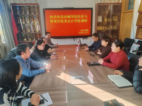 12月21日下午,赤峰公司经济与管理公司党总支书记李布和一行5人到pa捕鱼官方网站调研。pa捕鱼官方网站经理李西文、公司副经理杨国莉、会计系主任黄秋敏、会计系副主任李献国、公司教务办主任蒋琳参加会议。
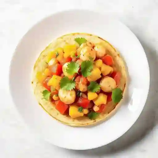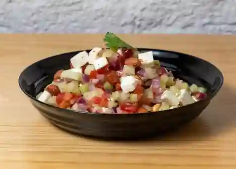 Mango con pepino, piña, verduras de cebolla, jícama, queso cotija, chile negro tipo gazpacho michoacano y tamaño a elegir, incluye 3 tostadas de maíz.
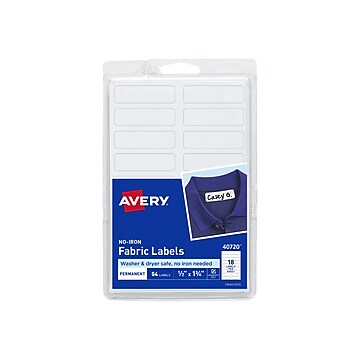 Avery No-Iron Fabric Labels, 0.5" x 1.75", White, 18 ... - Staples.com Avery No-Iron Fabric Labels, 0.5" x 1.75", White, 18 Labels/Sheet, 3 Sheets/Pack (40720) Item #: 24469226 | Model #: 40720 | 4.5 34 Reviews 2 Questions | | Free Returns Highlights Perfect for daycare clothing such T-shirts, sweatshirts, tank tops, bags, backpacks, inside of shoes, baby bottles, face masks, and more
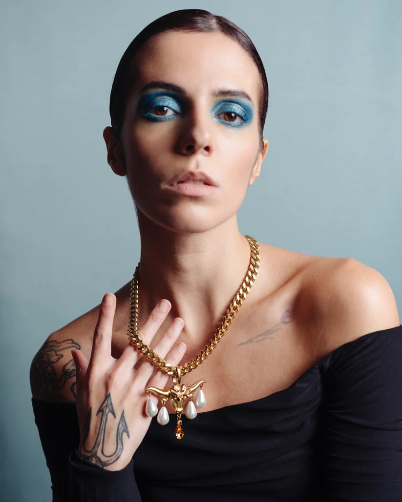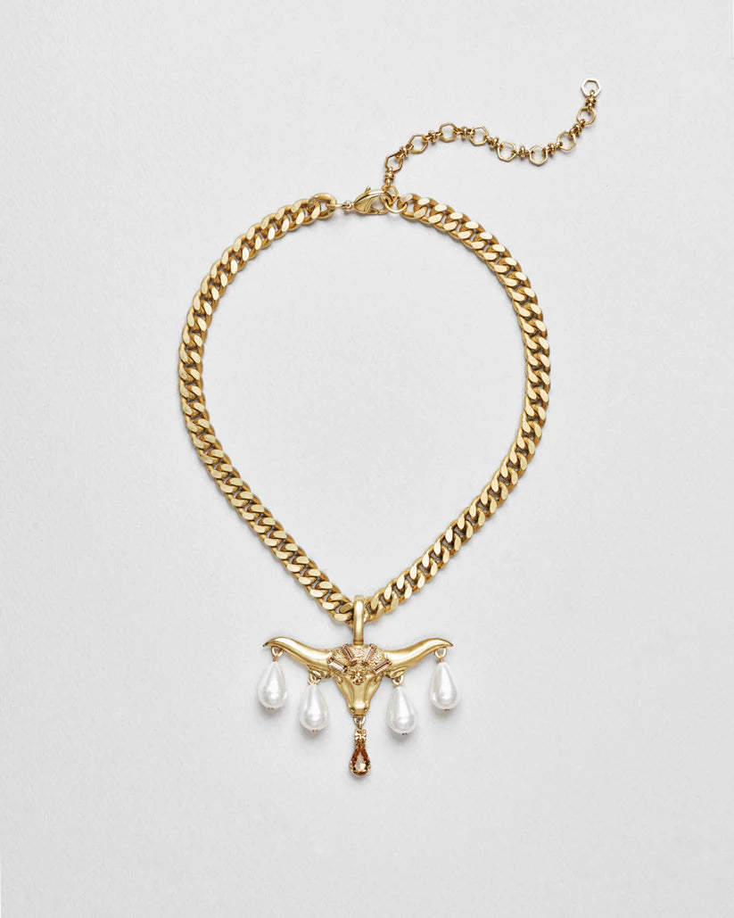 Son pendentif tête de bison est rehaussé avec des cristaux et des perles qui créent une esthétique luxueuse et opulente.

________________

- **The problem**
Retype only the lines above from the one with "masks, and more" through the last, both ends included, keeping every picture out of the copy.

- **Answer**
 Avery No-Iron Fabric Labels, 0.5" x 1.75", White, 18 ... - Staples.com Avery No-Iron Fabric Labels, 0.5" x 1.75", White, 18 Labels/Sheet, 3 Sheets/Pack (40720) Item #: 24469226 | Model #: 40720 | 4.5 34 Reviews 2 Questions | | Free Returns Highlights Perfect for daycare clothing such T-shirts, sweatshirts, tank tops, bags, backpacks, inside of shoes, baby bottles, face masks, and more
 Son pendentif tête de bison est rehaussé avec des cristaux et des perles qui créent une esthétique luxueuse et opulente.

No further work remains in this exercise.